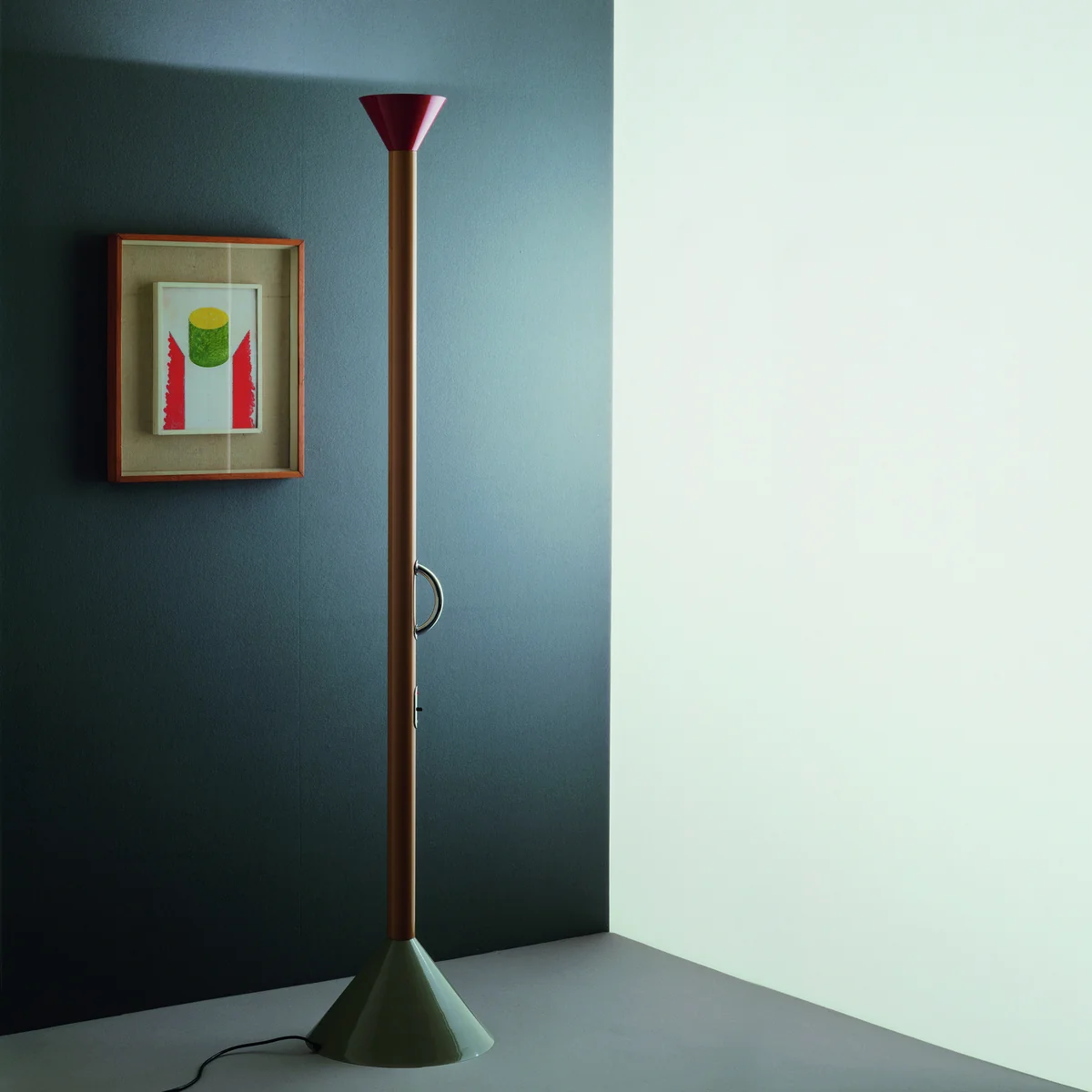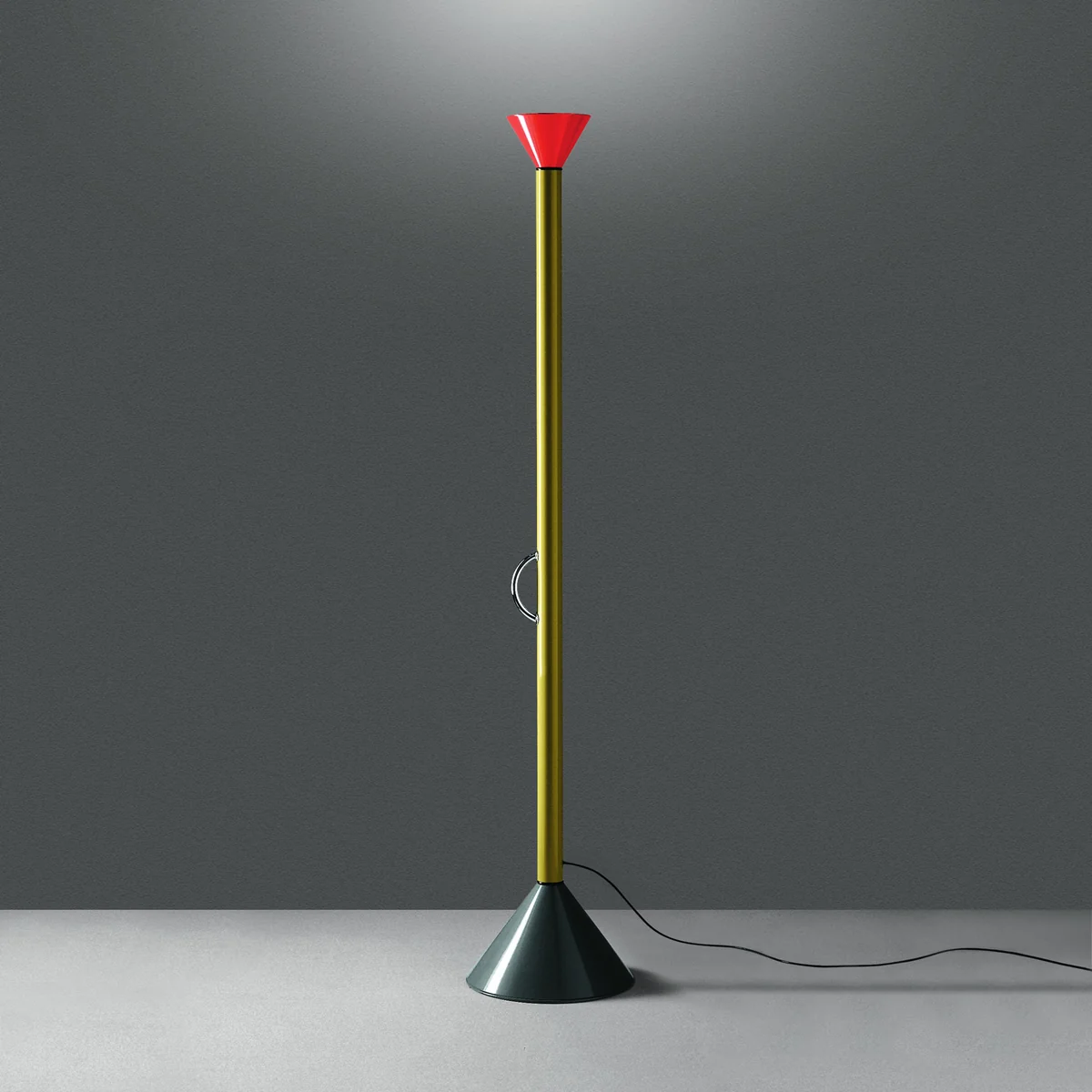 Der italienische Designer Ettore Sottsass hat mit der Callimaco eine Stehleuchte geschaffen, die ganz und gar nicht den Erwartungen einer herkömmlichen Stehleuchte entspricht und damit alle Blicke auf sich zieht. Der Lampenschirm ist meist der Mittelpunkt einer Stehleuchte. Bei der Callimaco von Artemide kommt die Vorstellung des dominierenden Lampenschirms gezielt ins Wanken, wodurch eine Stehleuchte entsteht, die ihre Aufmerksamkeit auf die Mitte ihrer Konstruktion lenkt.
* * *
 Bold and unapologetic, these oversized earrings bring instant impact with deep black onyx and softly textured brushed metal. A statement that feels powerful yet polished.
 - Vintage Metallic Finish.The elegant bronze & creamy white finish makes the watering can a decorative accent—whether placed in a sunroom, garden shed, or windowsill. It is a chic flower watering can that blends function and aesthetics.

WHAT IS EXPECTED: Of the entries above, repeat exactly the lines between the line with "Bold and unapologetic, these" and the line with "- Vintage Metallic", inclusive, and no others.

SOLUTION:
 Bold and unapologetic, these oversized earrings bring instant impact with deep black onyx and softly textured brushed metal. A statement that feels powerful yet polished.
 - Vintage Metallic Finish.The elegant bronze & creamy white finish makes the watering can a decorative accent—whether placed in a sunroom, garden shed, or windowsill. It is a chic flower watering can that blends function and aesthetics.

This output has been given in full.